*** Block opens ***

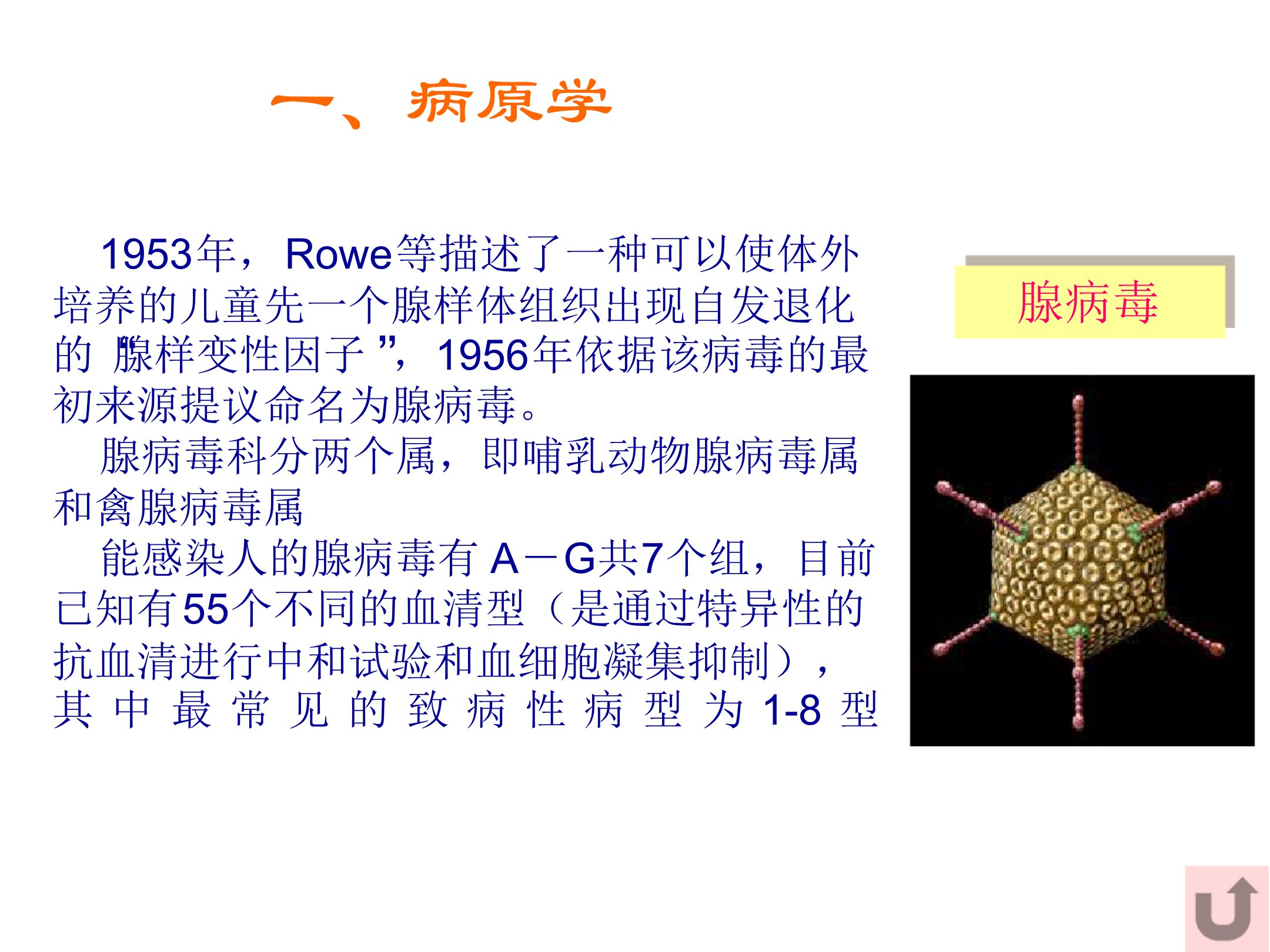 腺病毒感染与腺病毒肺炎内容?病原学?流行病学?病理?临床表现?辅助检查?治疗?后遗症期一、病原学腺病毒1953年,Rowe等描述了一种可以使体外培养的儿童先一个腺样体组织出现自发退化的“腺样变性因子”,1956年依据该病毒的最初来源提议命名为腺病毒。腺病毒科分两个属,即哺乳动物腺病毒属和禽腺病毒属能感染人的腺病毒有A-G共7个组,目前已知有55个不同的血清型(是通过特异性的抗血清进行中和试验和血细胞凝集抑制),其中最常见的致病性病型为1-8型?腺病毒为大的,无包膜,直径70-90nm的DNA病毒。?核衣壳呈规则的20面体结构,衣壳由252个壳粒组成,由240个六邻体和12个五邻体组成。六邻体、...
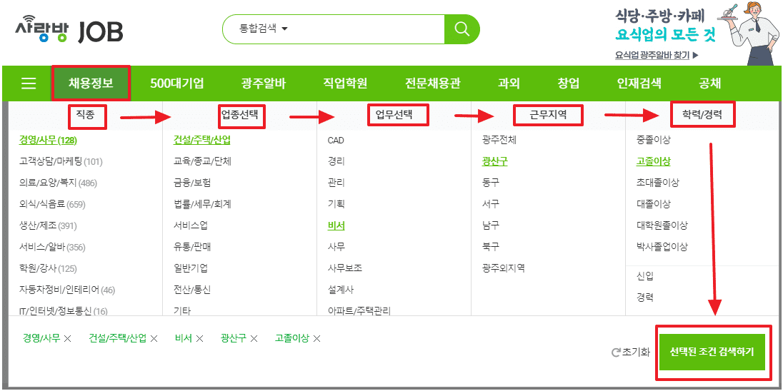 광주 사랑방잡(사랑방 JOB) 사이트에 접속을 하시면 상단에 채용정보, 500대기업, 광주 알바, 직업학원, 전문채용관, 과외, 창업, 인재검색, 공채 등의 여러 가지 메뉴들을 볼 수 있습니다. 여기서 구인구직을 하시려면 채용정보에 마우스를 가져가세요. 그러면 직종, 업종 선택, 업무 선택, 근무지역, 학력/경력 카테고리가 나타나고 여러 직종이 있습니다. 직종에는 경영/사무, 고객상담/마케팅, 의료/요양/복지, 외식/식음료
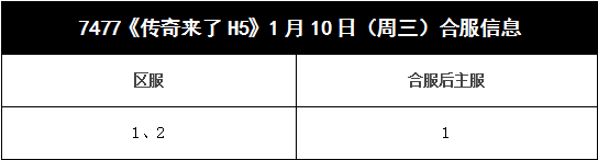 《传奇来了H5》1月10日合服公告
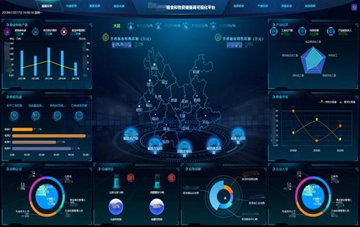 某股份助力某省粮食局,为了解决上报数据来源的真实和规范性、实现县级-市级-省级的分级管理,领导统一驾驶舱的全局掌控,基于亿信BI分析工具、酷屏与i@Report采集工具建设粮食和物资储备可视化平台,实现粮食大数据可视化趋势分析。
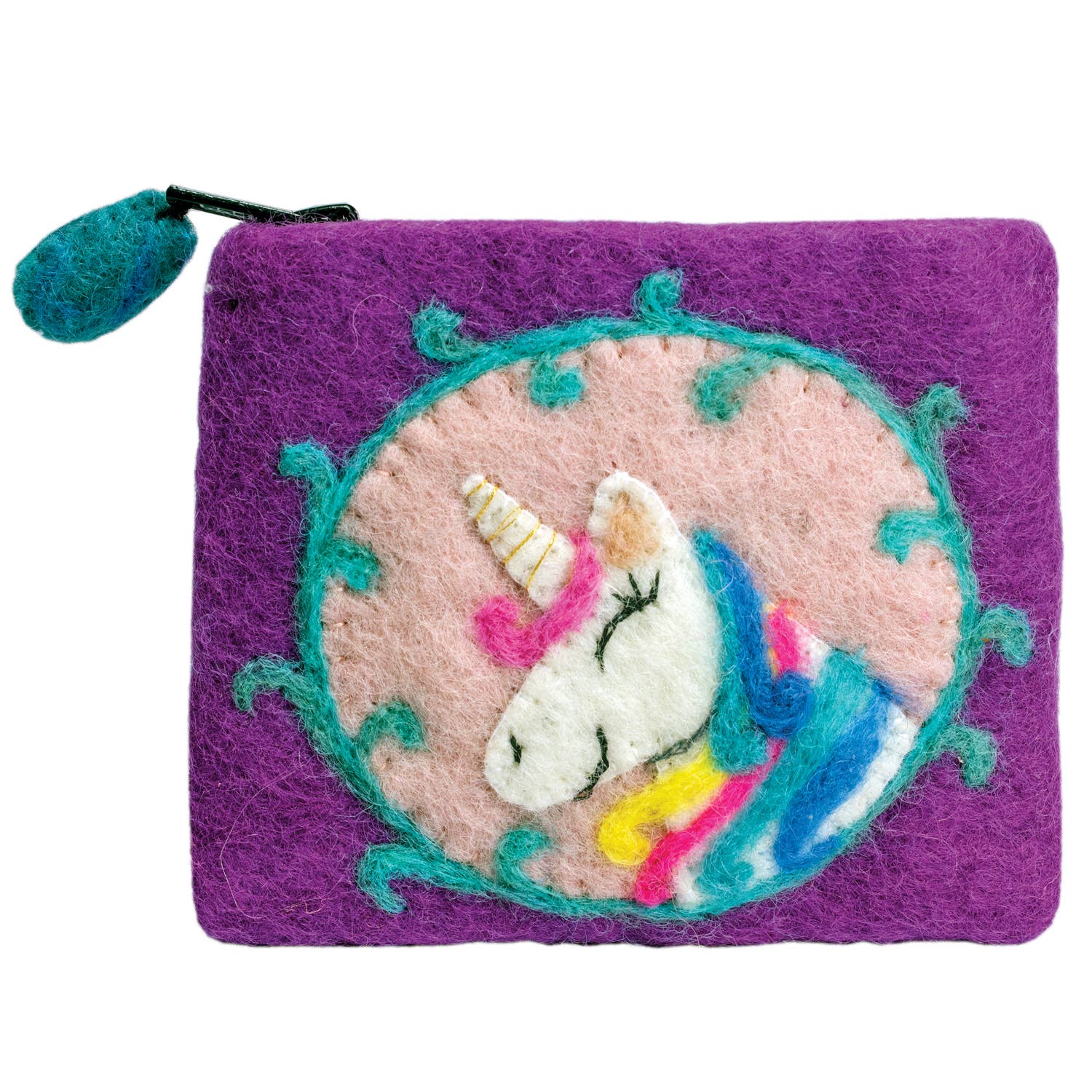 This magically majestic multi-colored marvel is a crescendo of kaleidoscopic craft. Catch your own! Handfelted with 100% natural wool by a Fair Trade production group in Nepal. Made with a high quality YKK lead free zipper. Convenient size and lined with black cotton. Features a charming felt zipper pull and delightful handcrafted details. An original Wild Woolies design by dZi Handmade, member Fair Trade Federation. 5"w x 4"h
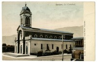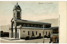 Iquique, La Catedral [fotografía] / Carlos Brandt. Iquique : Carlos Brandt, [Entre 1900 y 1909]. 1 tarjeta postal : colotipo, fotomecánico policromo sobre papel ; 12 x 8,8 cm. .
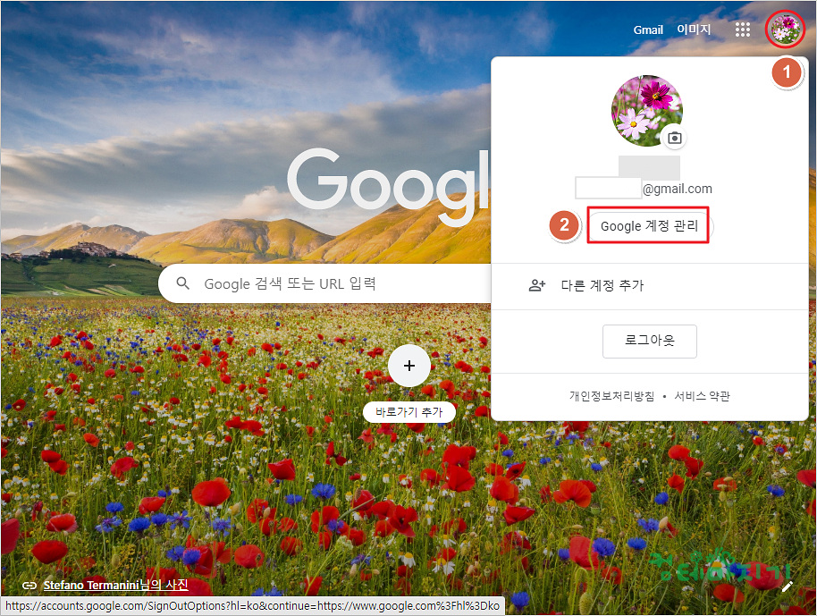 로그인 후, 1. 로그인 아이콘을 클릭하여, 2. Google 계정 관리를 클릭합니다.
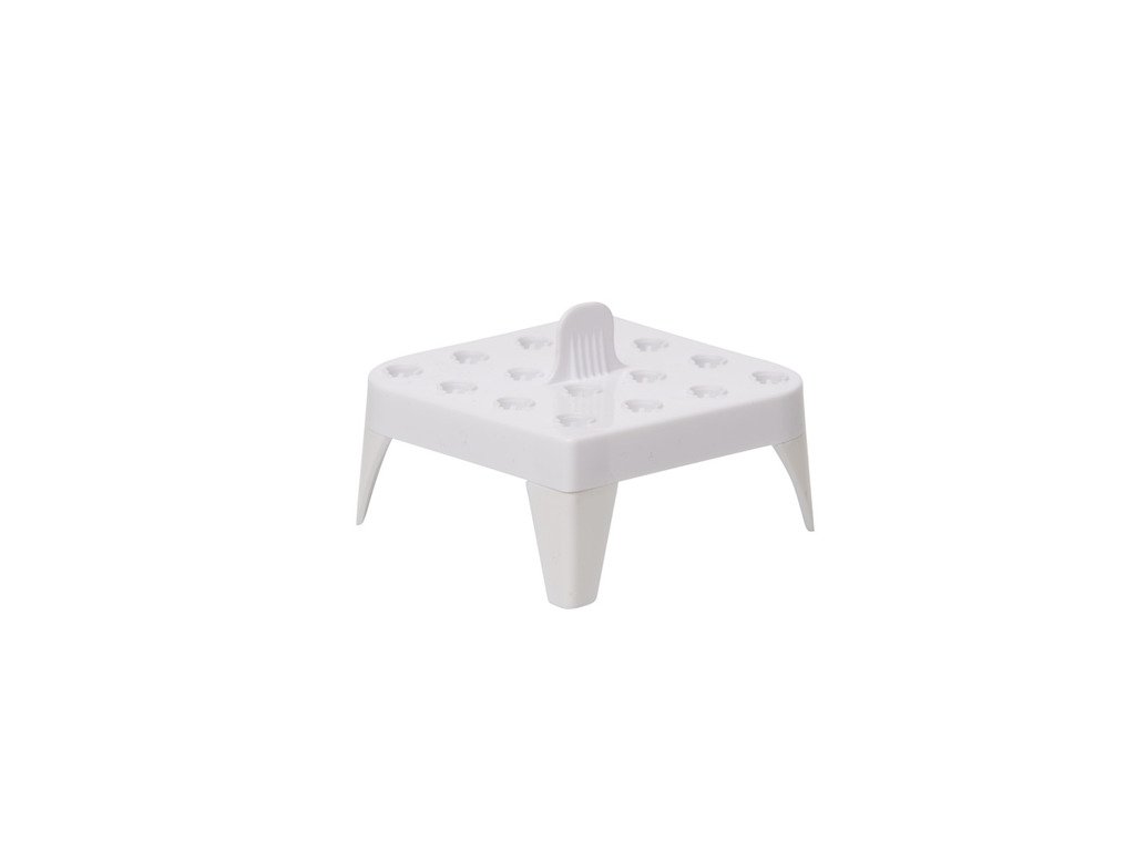 Univerzálny plávajúci stojan štvrcový LABSOLUTE® SMART z bieleho PP pre 1,5 ml a 2,0 ml mikro skúmavky. Vhodný na použitie vo vodnom kúpeli, na ľade alebo na stole. Odnímateľné nožičky, Balenie 4KS

*** Block closes ***

◆ **WORK INSTRUCTIONS**: Copy each line above precisely, dropping the pictures.

◆ **FINISHED EXERCISE**:
 腺病毒感染与腺病毒肺炎内容?病原学?流行病学?病理?临床表现?辅助检查?治疗?后遗症期一、病原学腺病毒1953年,Rowe等描述了一种可以使体外培养的儿童先一个腺样体组织出现自发退化的“腺样变性因子”,1956年依据该病毒的最初来源提议命名为腺病毒。腺病毒科分两个属,即哺乳动物腺病毒属和禽腺病毒属能感染人的腺病毒有A-G共7个组,目前已知有55个不同的血清型(是通过特异性的抗血清进行中和试验和血细胞凝集抑制),其中最常见的致病性病型为1-8型?腺病毒为大的,无包膜,直径70-90nm的DNA病毒。?核衣壳呈规则的20面体结构,衣壳由252个壳粒组成,由240个六邻体和12个五邻体组成。六邻体、...
 광주 사랑방잡(사랑방 JOB) 사이트에 접속을 하시면 상단에 채용정보, 500대기업, 광주 알바, 직업학원, 전문채용관, 과외, 창업, 인재검색, 공채 등의 여러 가지 메뉴들을 볼 수 있습니다. 여기서 구인구직을 하시려면 채용정보에 마우스를 가져가세요. 그러면 직종, 업종 선택, 업무 선택, 근무지역, 학력/경력 카테고리가 나타나고 여러 직종이 있습니다. 직종에는 경영/사무, 고객상담/마케팅, 의료/요양/복지, 외식/식음료
 《传奇来了H5》1月10日合服公告
 某股份助力某省粮食局,为了解决上报数据来源的真实和规范性、实现县级-市级-省级的分级管理,领导统一驾驶舱的全局掌控,基于亿信BI分析工具、酷屏与i@Report采集工具建设粮食和物资储备可视化平台,实现粮食大数据可视化趋势分析。
 This magically majestic multi-colored marvel is a crescendo of kaleidoscopic craft. Catch your own! Handfelted with 100% natural wool by a Fair Trade production group in Nepal. Made with a high quality YKK lead free zipper. Convenient size and lined with black cotton. Features a charming felt zipper pull and delightful handcrafted details. An original Wild Woolies design by dZi Handmade, member Fair Trade Federation. 5"w x 4"h
 Iquique, La Catedral [fotografía] / Carlos Brandt. Iquique : Carlos Brandt, [Entre 1900 y 1909]. 1 tarjeta postal : colotipo, fotomecánico policromo sobre papel ; 12 x 8,8 cm. .
 로그인 후, 1. 로그인 아이콘을 클릭하여, 2. Google 계정 관리를 클릭합니다.
 Univerzálny plávajúci stojan štvrcový LABSOLUTE® SMART z bieleho PP pre 1,5 ml a 2,0 ml mikro skúmavky. Vhodný na použitie vo vodnom kúpeli, na ľade alebo na stole. Odnímateľné nožičky, Balenie 4KS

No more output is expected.